Cortez has participated in group exhibitions at Frieze Projects in Los Angeles (2022); Los Angeles Contemporary Exhibitions, CA (2021, 2016); Museo de Arte Contemporáneo (MAC), Panama (2021); Frieze Sculpture at Rockefeller Center in New York, NY(2020); 18th Street Arts Center, Santa Monica, CA (2020); Wattis Art Institute, San Francisco, CA (2020); Henry Art Gallery, Seattle (2019); Museo de Arte Moderno de Bogotá (MAMBO), Bogota, Colombia (2019); TEOR/éTica in San José, Costa Rica (2019); Ballroom Marfa, TX (2019); Socrates Sculpture Park, New York (2019); John Michael Kohler Arts Center, Sheboygan, WI (2018); Hammer Museum, Los Angeles (2018); Whitney Museum of American Art, New York (2017); and Centro Cultural Metropolitano, Quito, Ecuador (2016).
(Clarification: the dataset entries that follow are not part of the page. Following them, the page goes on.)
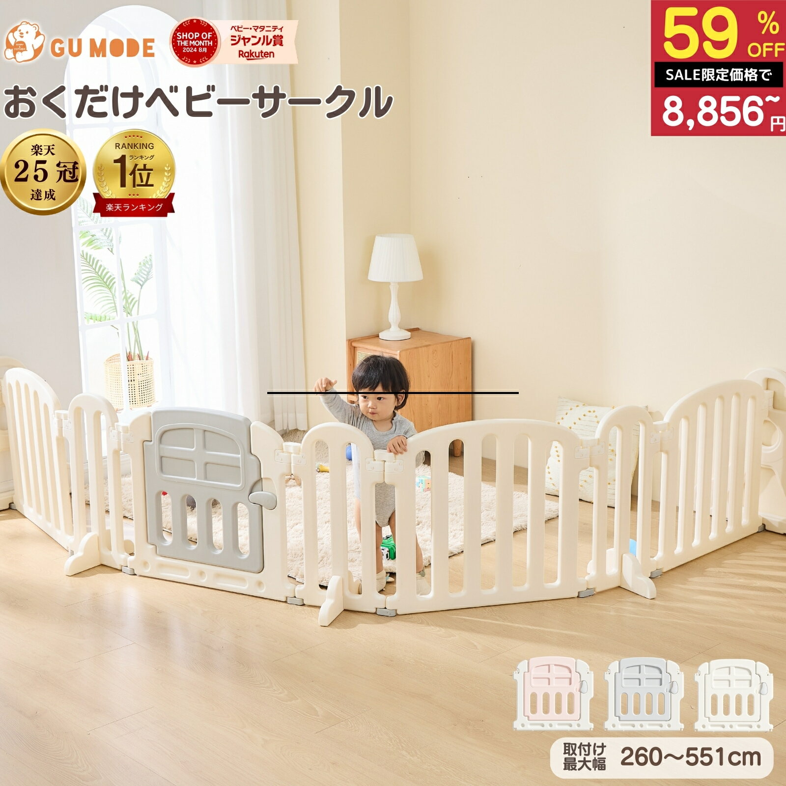 GU MODE ベビーゲート ベビーサークル 最大幅260〜551cm 置くだけ ドア付き プレイヤード ベビーフェンス 柵 フェンス パーテーション 間仕切り 爆買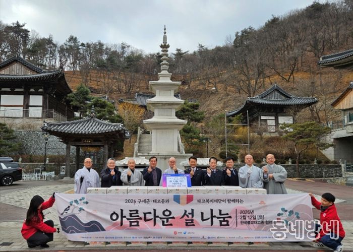 동네방네 김형규 기자 | 양주시 장흥면은 최근 한국불교태고종 청련사에서 구세군과 한국불교태고종, 태고복지재단과 함께 ‘2026년 아름다운 설 나눔 키트 전달식’을 개최했다.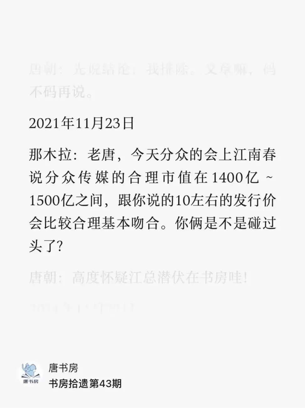 早在2021年11月5日的文章里,我写过香港上市要10元以上的发行价才划算,后来江总自己也说了他对分众的合理估值是1400~1500亿市值。

Cortez is the recipient of the Artadia Los Angeles Award (2020), the inaugural Frieze LIFEWTR Sculpture Prize (2019), the Emergency Grant from the Foundation of Contemporary Arts (2019), the Rema Hort Mann Foundation Emerging Artist Grant (2018), the Artist Community Engagement Grant (2017), and the California Community Foundation Fellowship for Visual Artists (2016). Her solo exhibition Cosmic Portals is currently on view at Pitzer College Art Galleries. In addition, her work is being exhibited at the ICA San Diego north campus in Encinitas, CA;  in FUTURES at the Smithsonian Arts + Industry in Washington D.C.; and Art for the Future: Artists Call and Central American Solidarities at Tufts University Art Galleries in Boston, MA.
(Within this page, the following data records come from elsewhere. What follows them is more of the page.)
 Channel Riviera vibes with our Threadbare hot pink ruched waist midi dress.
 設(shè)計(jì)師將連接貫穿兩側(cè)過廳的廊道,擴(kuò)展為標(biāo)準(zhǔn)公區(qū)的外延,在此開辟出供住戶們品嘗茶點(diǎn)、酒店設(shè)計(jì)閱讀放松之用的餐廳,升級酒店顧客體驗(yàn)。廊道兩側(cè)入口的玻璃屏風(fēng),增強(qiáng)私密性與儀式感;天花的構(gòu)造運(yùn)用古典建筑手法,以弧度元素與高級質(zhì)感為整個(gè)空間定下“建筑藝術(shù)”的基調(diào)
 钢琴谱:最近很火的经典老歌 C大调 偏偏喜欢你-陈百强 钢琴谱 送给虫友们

rafa esparza (b. 1981, Los Angeles; lives and works in Los Angeles) is a multidisciplinary artist whose work reveals his interests in history, personal narratives, and kinship, his own relationship to colonization and the disrupted genealogies that it produces. esparza employs site-specificity, materiality, memory, and what he calls (non)documentation as primary tools to investigate and expose ideologies, power structures, and binary forms of identity that establish narratives, history, and social environments. esparza’s recent projects are grounded in laboring with land and adobe-making, a skill learned from his father, Ramón Esparza. In so doing, the artist invites Brown and Queer cultural producers to realize large-scale collective projects, gathering people together to build networks of support outside of traditional art spaces. 
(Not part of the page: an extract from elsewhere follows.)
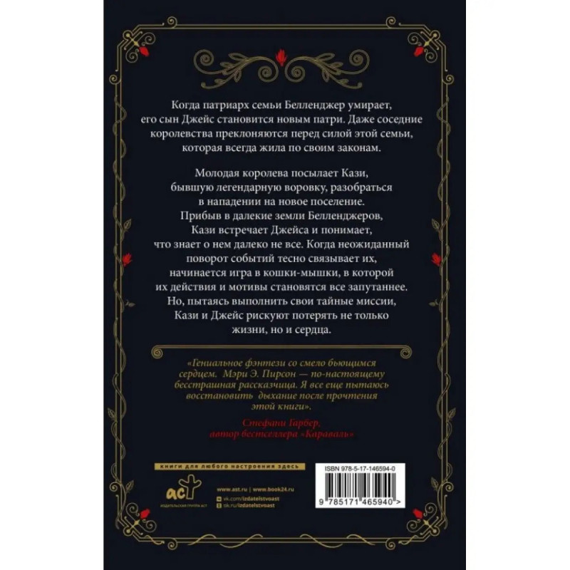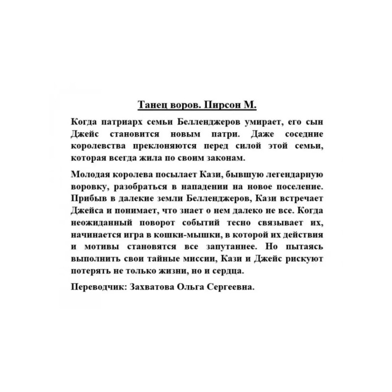 ISBN 9785-17146-5940. Танец воров. Пирсон М. Танец воров. Пирсон М. Когда патриарх семьи Белленджеров умирает, его сын Джейс становится новым патри. Даже соседние королевства преклоняются перед силой этой семьи, которая всегда жила по своим законам. Молодая королева посылает Кази, бывшую легендарную воровку, разобраться в нападении на новое поселение. Прибыв в далекие земли Белленджеров, Кази встречает Джейса и понимает, что знает о нем далеко не все. Когда неожиданный поворот событий тесно связывает их, начинается игра в кошки-мышки, в которой их действия и мотивы становятся все запутаннее. Но пытаясь выполнить свои тайные миссии, Кази и Джейс рискуют потерять не только жизни, но и сердца.

Solo exhibitions have been held at Commonwealth and Council, Los Angeles (2021); MASS MoCA, North Adams, MA (2019); ArtPace, San Antonio, TX (2018); Atkinson Gallery, Santa Barbara, CA (2017); Ballroom Marfa, TX (2017); Los Angeles Contemporary Exhibitions, CA (2015); Bowtie Project, Los Angeles (2015); and Vincent Price Art Museum, Monterey Park, CA (2013). esparza has performed at art institutions including Performance Space New York and the Ellipse, Washington, D.C. (2019); Institute of Contemporary Art, Los Angeles (2018); Museum of Contemporary Art, Los Angeles (2018); the Whitney Museum of American Art, New York (2017); Hammer Museum, Los Angeles (2016); and Clockshop, Bowtie Project, Los Angeles (2014). Selected group shows were held at Jeffrey Deitch, Los Angeles (2021); Regen Projects, Los Angeles (2021); Moody Center for the Arts, Rice University, Houston, TX (2020); Kohn Gallery, Los Angeles (2020); San Diego Art Institute, CA (2019); DiverseWorks, Houston, TX (2019); Craft Contemporary, Los Angeles (2019); GAMMA Galeria, Guadalajara, Mexico (2019); Bemis Center for Contemporary Art, Omaha, NV (2017); Whitney Museum of American Art, New York (2017); LA><ART, CA (2017); PARTICIPANT, INC., New York (2016); Hammer Museum, Los Angeles (2016); and Armory Center for the Arts, Pasadena (2015). esparza is a recipient of the US Latinx Artist Fellowship (2021), Lucas Artists Fellowship (2020), Artpace International Artist Residency (2018), Louis Comfort Tiffany Foundation Biennial Award (2017), Rema Hort Mann Foundation Emerging Artist Grant (2015), California Community Foundation Fellowship for Visual Arts (2014), and Art Matters Foundation grant (2014).